EXERCISE REQUIREMENTS:
Your answer must consist of exactly the lines below, starting with the line with "Tonosol Apetite é um" and going on through the line with "109㎡横厅四房(832万起", and nothing else.

DATA LISTING:
::::
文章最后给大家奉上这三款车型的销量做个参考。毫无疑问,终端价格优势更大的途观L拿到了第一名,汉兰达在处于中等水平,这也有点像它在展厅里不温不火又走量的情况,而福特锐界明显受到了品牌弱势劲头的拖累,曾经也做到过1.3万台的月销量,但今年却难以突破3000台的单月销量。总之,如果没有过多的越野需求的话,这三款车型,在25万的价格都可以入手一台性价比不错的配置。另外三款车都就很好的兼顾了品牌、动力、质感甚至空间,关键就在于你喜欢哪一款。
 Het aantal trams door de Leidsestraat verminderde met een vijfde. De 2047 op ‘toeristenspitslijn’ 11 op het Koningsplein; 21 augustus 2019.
::::
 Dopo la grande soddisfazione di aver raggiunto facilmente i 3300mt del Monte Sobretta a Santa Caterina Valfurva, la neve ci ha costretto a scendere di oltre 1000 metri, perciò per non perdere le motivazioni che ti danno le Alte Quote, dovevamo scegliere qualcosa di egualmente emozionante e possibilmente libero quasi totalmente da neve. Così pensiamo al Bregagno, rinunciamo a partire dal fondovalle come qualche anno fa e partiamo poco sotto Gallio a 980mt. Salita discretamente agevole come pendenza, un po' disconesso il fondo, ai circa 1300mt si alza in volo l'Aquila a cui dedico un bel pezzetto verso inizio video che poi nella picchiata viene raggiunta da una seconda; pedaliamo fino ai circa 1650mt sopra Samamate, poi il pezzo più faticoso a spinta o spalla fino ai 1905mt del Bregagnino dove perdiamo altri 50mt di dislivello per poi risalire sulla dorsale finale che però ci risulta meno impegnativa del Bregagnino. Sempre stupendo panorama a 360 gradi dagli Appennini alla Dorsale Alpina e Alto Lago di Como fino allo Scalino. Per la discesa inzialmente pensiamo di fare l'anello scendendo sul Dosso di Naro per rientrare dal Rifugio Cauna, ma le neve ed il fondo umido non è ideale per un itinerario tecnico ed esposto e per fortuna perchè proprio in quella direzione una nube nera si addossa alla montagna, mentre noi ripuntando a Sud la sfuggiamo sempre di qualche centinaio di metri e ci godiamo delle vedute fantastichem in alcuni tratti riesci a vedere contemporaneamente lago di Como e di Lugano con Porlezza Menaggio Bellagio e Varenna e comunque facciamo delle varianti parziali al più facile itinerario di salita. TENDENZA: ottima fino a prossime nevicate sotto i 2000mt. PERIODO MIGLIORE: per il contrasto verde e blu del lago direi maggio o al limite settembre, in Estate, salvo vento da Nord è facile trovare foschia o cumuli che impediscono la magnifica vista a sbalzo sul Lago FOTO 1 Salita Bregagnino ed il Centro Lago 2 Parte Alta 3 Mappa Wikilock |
::::
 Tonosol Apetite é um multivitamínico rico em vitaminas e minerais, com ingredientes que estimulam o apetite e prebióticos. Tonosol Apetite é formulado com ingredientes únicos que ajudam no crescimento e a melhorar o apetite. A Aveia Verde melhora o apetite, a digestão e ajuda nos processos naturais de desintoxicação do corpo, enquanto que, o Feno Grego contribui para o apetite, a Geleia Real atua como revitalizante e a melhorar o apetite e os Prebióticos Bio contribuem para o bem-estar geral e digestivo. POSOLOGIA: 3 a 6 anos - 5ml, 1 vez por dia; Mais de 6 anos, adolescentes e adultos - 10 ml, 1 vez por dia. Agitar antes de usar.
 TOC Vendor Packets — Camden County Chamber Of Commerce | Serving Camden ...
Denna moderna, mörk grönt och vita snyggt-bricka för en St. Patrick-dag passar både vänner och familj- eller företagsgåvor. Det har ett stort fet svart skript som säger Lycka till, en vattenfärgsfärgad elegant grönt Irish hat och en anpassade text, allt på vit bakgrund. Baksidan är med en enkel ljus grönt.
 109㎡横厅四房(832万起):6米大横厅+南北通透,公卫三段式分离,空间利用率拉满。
::::
FINISHED TASK:
 Tonosol Apetite é um multivitamínico rico em vitaminas e minerais, com ingredientes que estimulam o apetite e prebióticos. Tonosol Apetite é formulado com ingredientes únicos que ajudam no crescimento e a melhorar o apetite. A Aveia Verde melhora o apetite, a digestão e ajuda nos processos naturais de desintoxicação do corpo, enquanto que, o Feno Grego contribui para o apetite, a Geleia Real atua como revitalizante e a melhorar o apetite e os Prebióticos Bio contribuem para o bem-estar geral e digestivo. POSOLOGIA: 3 a 6 anos - 5ml, 1 vez por dia; Mais de 6 anos, adolescentes e adultos - 10 ml, 1 vez por dia. Agitar antes de usar.
 TOC Vendor Packets — Camden County Chamber Of Commerce | Serving Camden ...
Denna moderna, mörk grönt och vita snyggt-bricka för en St. Patrick-dag passar både vänner och familj- eller företagsgåvor. Det har ett stort fet svart skript som säger Lycka till, en vattenfärgsfärgad elegant grönt Irish hat och en anpassade text, allt på vit bakgrund. Baksidan är med en enkel ljus grönt.
 109㎡横厅四房(832万起):6米大横厅+南北通透,公卫三段式分离,空间利用率拉满。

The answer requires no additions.